The command line parameters that control MRD detect are:

| Parameter Name          | Description                                                                                           |
| ----------------------- | ----------------------------------------------------------------------------------------------------- |
| `--enable-mrd`          | Enables MRD detect. Default = "false".                                                                |
| `--mrd-probes-file`     | Path to the individual's tumor fingerprint VCF file                                                   |
| `--mrd-score-threshold` | Threshold used to determine the presence/absence of residual cancer DNA in the plasma. Default = 4.0. |

The MRD detect module generates an output summary file using the standard DRAGEN output directory and prefix: .mrd\_summary.json. The file is a valid JSON file that contains an array of JSON objects. DRAGEN supports running one sample at a time, so the array will be of length one.

The output JSON will include the following two fields of interest:

* Run\[1].TumorEstimate.illumina.eVAF
* Run\[1].TumorEstimate.illumina.score

The "eVAF" (estimated Variant Allele Frequency) is the estimated fraction of cancer DNA in the plasma sample.

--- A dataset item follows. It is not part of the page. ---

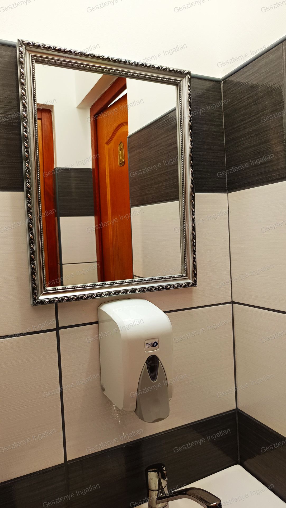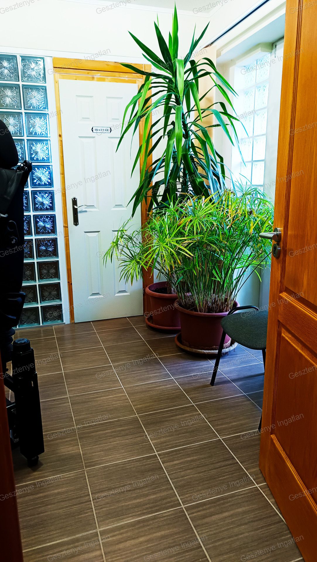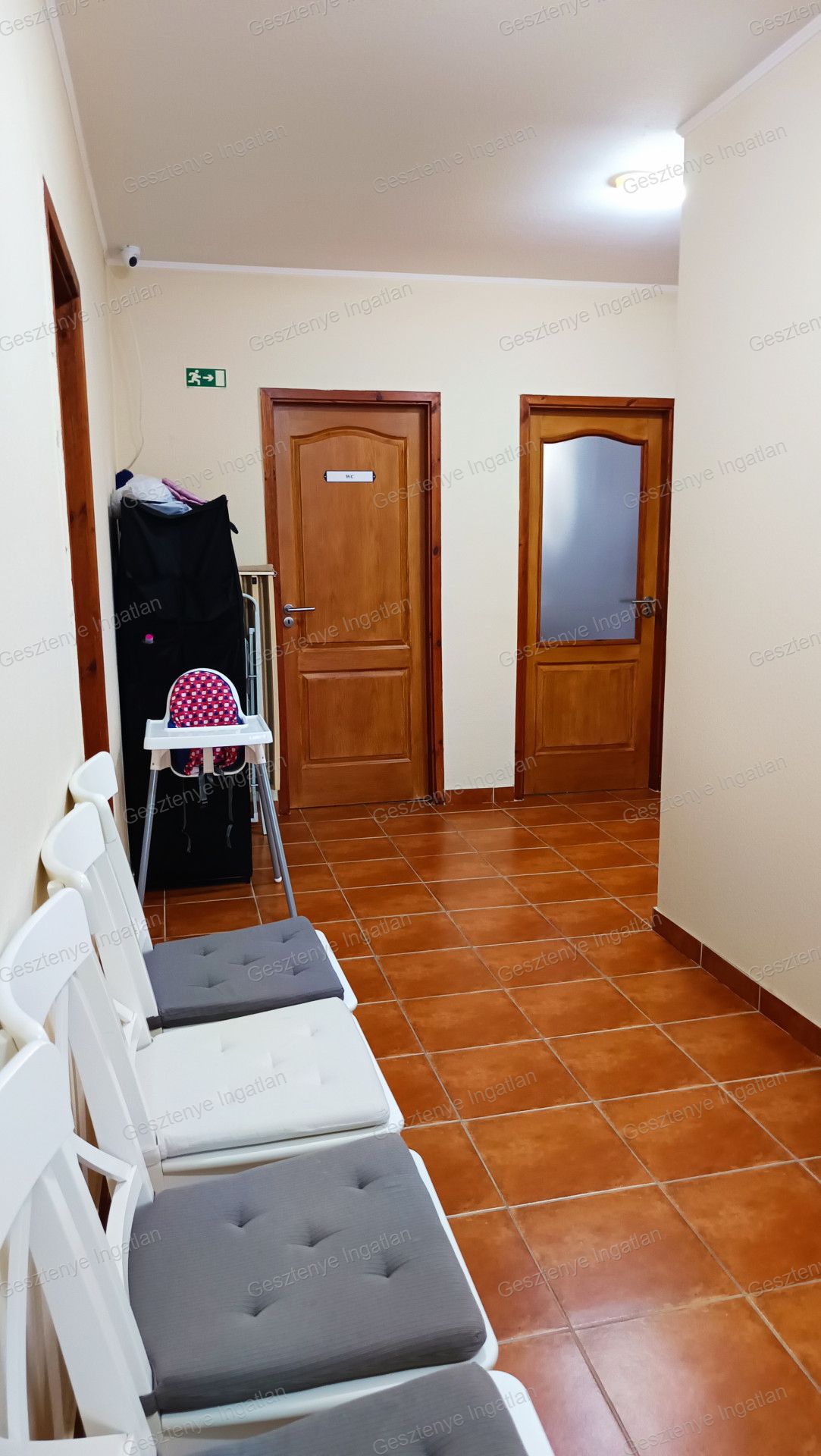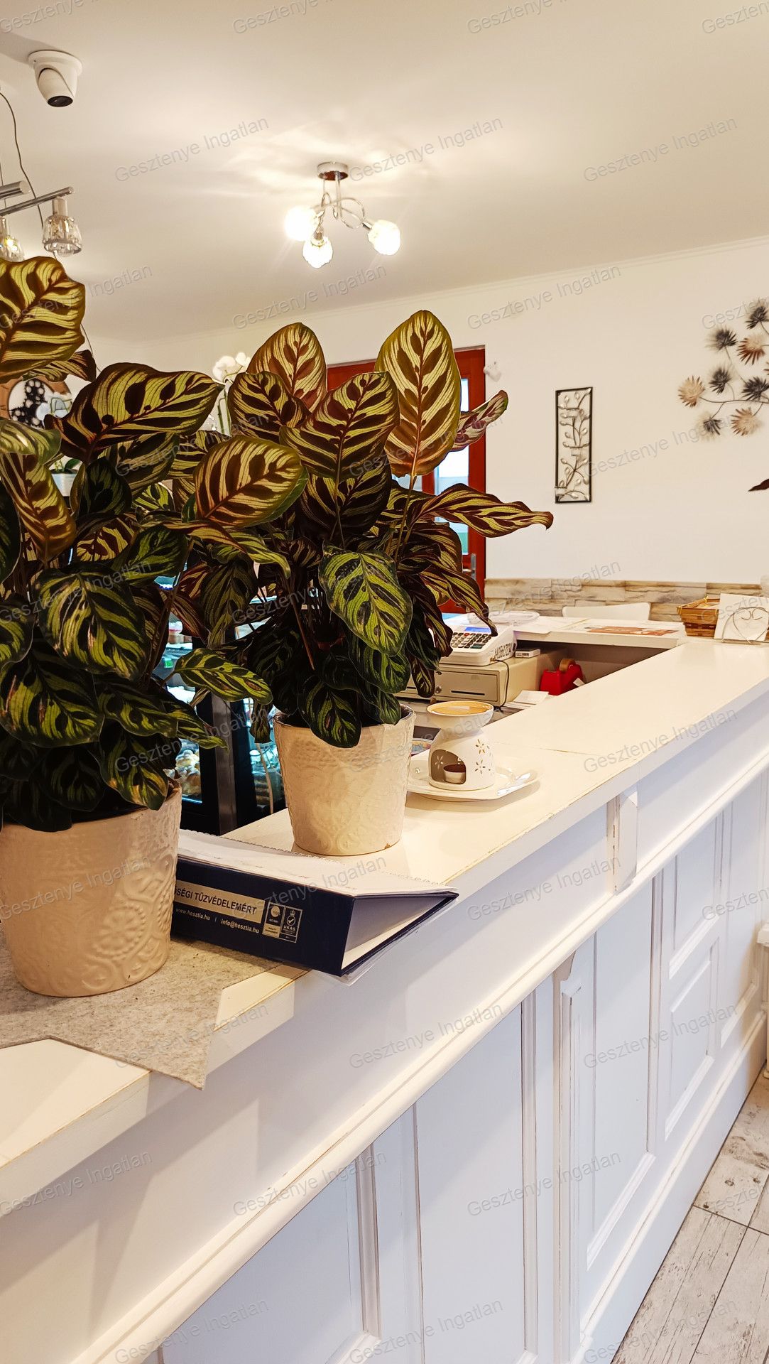 Elosztása: egy nagy vendégfogadó tér gyönyörű kiszolgáló pulttal, önálló helyiségben konyha, egy további ajtóval elzárt helyiség, innen nyílik egy zuhanyzós fürdőszoba, külön férfi és női WC került kialakításra közös előtérrel.

The "score" can be used to determine presence/absence of residual cancer DNA in the plasma. A higher score indicates that the presence of cancer DNA is more likely. The exact threshold score that is used to indicate a positive ctDNA status may depend on sample quality and coverage, and can be optimized for a specific pipeline. It is expected that this threshold will typically be between 4 - 7.

## Step 4: Plasma QC

### Step 4A: Plasma/BC sample matching QC

```
  
/opt/dragen/$VERSION/bin/dragen 
--ref-dir $REF_DIR                      #path to DRAGEN linear hashtable 
--validate-pangenome-reference false    #required 
--output-directory $OUTPUT 
--output-file-prefix $PREFIX 
--events-log-file $EVENTS_LOG_FILE 
# Inputs 
--checkfingerprint-expected-vcf $BUFFY_COAT_TARGETED_GERMLINE_VCF 
--checkfingerprint-observed-vcf $PLASMA_TARGETED_GERMLINE_VCF 
# QC 
--enable-checkfingerprint true 
```

### Step 4B: Plasma contamination QC

```
  
/opt/dragen/$VERSION/bin/dragen         #DRAGEN install path 
--ref-dir $REF_DIR 
--output-directory $OUTPUT_DIR 
--output-file-prefix $SAMPLE_ID 
--events-log-file $EVENTS_LOG_FILE 
# Inputs 
--bam-input $PLASMA_BAM 
# M/A 
--enable-map-align false 
--enable-map-align-output false 
--enable-sort false 
# MRD 
--enable-mrd true 
--mrd-probes-file $COMMON_GERMLINE_VCF 
--mrd-blocklist $BUFFY_COAT_TARGETED_GERMLINE_VCF 
```

### Plasma QC notes

Similar to the MRD detection step, the output JSON will include the following field of interest:

```
 Run[1].TumorEstimate.illumina.eVAF 
```

The "eVAF", multiplied by two, can be used as a proxy for plasma contamination from a different human.